To recap, I recently discussed how productions love to shoot in local markets with tax incentives because it’s cheap. But hey—at least we’re working, right? We can still make money, right? And have a chance to book great roles, RIGHT!?
There are a few caveats to each of those tantalizing sparks of potential that may lure actors away from hubs like Los Angeles or New York. Let’s clarify a few of the “myths” associated with the local markets:
If I live in a local market, I’ll work more.
Possibly, but if you think you’re going to work a lot, it depends on a lot of circumstances, many out of your control. First and foremost, make sure that you vigorously study and hone your craft. I know this is stating the obvious, but it is imperative you know how to handle yourself in an audition room, a callback, and on set—especially big budget projects where there are literally hundreds of people present, everyone counting on each other to do their job.
Secondly, it depends on the types of projects that are filming in that market. For example, New Mexico is a haven for dramas, westerns, and war movies—which means men, particularly white, have ample roles available to them. Despite the push for diverse voices in Hollywood, there’s a long road ahead of us, and I believe women in local markets feel the brunt of that lack of representation. There were many projects in both film and television who proudly touted “strong female leads”—yet cast 90% of their supporting roles with men.
A lot of it may simply come down to luck (aka…when preparation meets opportunity.) A disgruntled friend of mine hadn’t booked anything in over a year, and after taking a month-long vacation in Europe, she came back to New Mexico and literally landed 3 roles within two weeks.
If I live in a local market, I’ll make money, while paying lower cost of living.

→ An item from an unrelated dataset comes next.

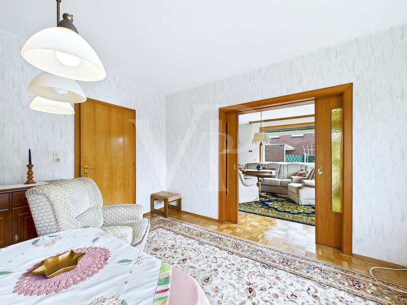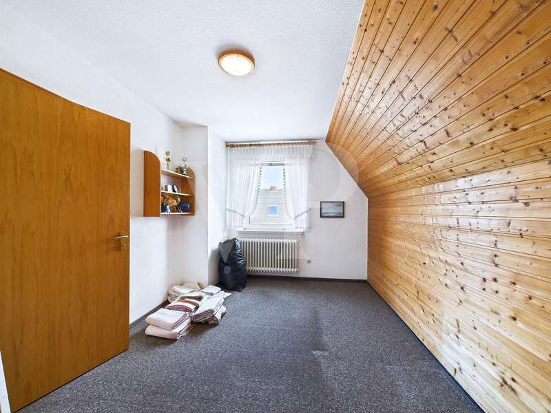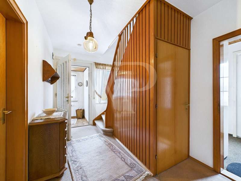 For sale is a well-maintained detached house built in 1969 and situated on a plot of around 648 m². With a living space of approx. 104 m² and a well thought-out room layout, this house offers a total of 4.5 rooms, including two bedrooms and a bathroom. The exterior walls were insulated in 2000. The plumbing was partially renewed and the electrics completely replaced. A year earlier, in 1999, the heating and the hot water tank were updated. The property is therefore in very good condition and offers a solid basis for future adaptations or extensions. The layout of the house is functional and comfortable. The entrance area leads through the hallway into the bright living room, which is divided into two rooms by a sliding door. The adjoining kitchen has a practical layout and offers enough space for family meals together. A shower room with walk-in shower completes the layout on the first floor. A beautiful wooden staircase takes you to the upper floor, where two spacious bedrooms and another smaller room await you. A special highlight is the convertible attic, which offers additional potential. The partial basement, where the gas boiler is located, is also a plus as it is dry and well-maintained and offers additional storage space. In the outbuilding you will find a workshop, a utility room and a garage with a sectional door. The outdoor area of this property impresses with an outdoor seating area that invites you to spend relaxing hours outdoors. The garden is easy to maintain and offers plenty of space for individual design options or outdoor play. All in all, this detached house offers an excellent opportunity to realize your dream of owning your own home. The modernizations that have already been carried out, such as the insulation of the exterior walls and the partial renewal of the plumbing and electrics, ensure a contemporary living experience and offer good conditions for efficient energy consumption. The potential for expansion, particularly through the convertible attic, makes this offer particularly attractive. For further information or to arrange a viewing appointment, please do not hesitate to contact us. This property offers you the opportunity to move into a well-kept and well-equipped living environment and at the same time create space for your own design ideas.

It is true that living in New Mexico is significantly cheaper than living in the urban entertainment hubs of Los Angeles, New York, or even Chicago. My current apartment in Los Angeles costs 2.4 times more than my old apartment in Albuquerque—and they are equal in size. But if you take into account being paid SAG minimum with no room for negotiation, very little (if any) travel and per diem reimbursements, and less job opportunities depending on your type, it is impossible to make a living off acting alone. Even the actors who work most frequently maintain side jobs, most of which pay significantly less than the same jobs in more expensive cities. Why? Because cheaper cost of living typically aligns with a lower minimum wage.
Several actors can have a great year, or two, or even three, and gain their SAG health insurance, buy a house, or put down a loan. But to be perfectly honest, almost no one quits their day job and lives on acting income alone. For those who do, they usually have spouses, parents, or loved ones who supplement income.
If I live in a local market, I’ll book great roles due to less competition.
For features, there are more opportunities to book a juicy role opposite an A-list actor that’s more than just a line or two. But in television, it is rare that a guest star will go to a local actor. Most will be hired out of LA, and the “Under 5,” or co-star roles, are left to locals.
There are always exceptions. In my case, a co-star that was originally written for two episodes on WGN’s Manhattan became intricately connected with one of the series regulars’ roles, and suddenly I had a beautiful arc over the course of two seasons. Steven Michael Quezada garnered local and national attention as Dean Norris’ partner in Breaking Bad, while Lora Cunningham has continually booked stand-out roles, most notably The Book of Eli and Sicario. And to demonstrate another local market, let’s not forget Atlanta’s Shannon Purser, a local actor who played the beloved “Barb” in Stranger Things and now has her own television show debuting on Netflix.
But I (along with plenty of other local men and women) have auditioned for countless guest star roles in New Mexico that still ended up going to an “LA actor.” Unfortunately, there can be a stigma or bias against locals, no matter how hard local casting directors fight for us.
And boy, do they fight for us.
THE CASE FOR THE LOCAL
There are only a handful of casting directors in New Mexico, but the few we have love the local actors. They know how hard we work, how much rejection we encounter, they run into us at the grocery store and at film screenings, and we even hire them to cast our independent projects. They, along with the local crew members, are all part of the same community, and therefore they do everything in their power to book us…especially if it means getting hired over the LA actor.
So if you are considering moving to New Mexico from LA or New York, the most detrimental attitude you can have is the belief that you are better than a local hire because of the fact that you are from those big cities. This won’t fly with casting, most of whom are from New Mexico themselves, and they are proud of their locals.
Also, as states become more strict with their tax rebate rules, it has become harder to play the “market game” and have representation all over the country. Unless an actor can prove that they live in New Mexico and file their state tax returns as a full-time resident, productions won’t earn a tax rebate on that specific actor. This in turn has made casting directors crack down on any actor who walks into their room—they don’t just want you flying in from LA, they want you living in the state.
I’m sure you’re asking yourself, “Can’t I just send in a tape?” The answer is complicated. If you are someone who has never stepped foot in that local market and met that casting director in person, they will most likely have no interest in considering you. But if you’ve spent the time and energy developing a relationship and building trust, there are always exceptions to the rule.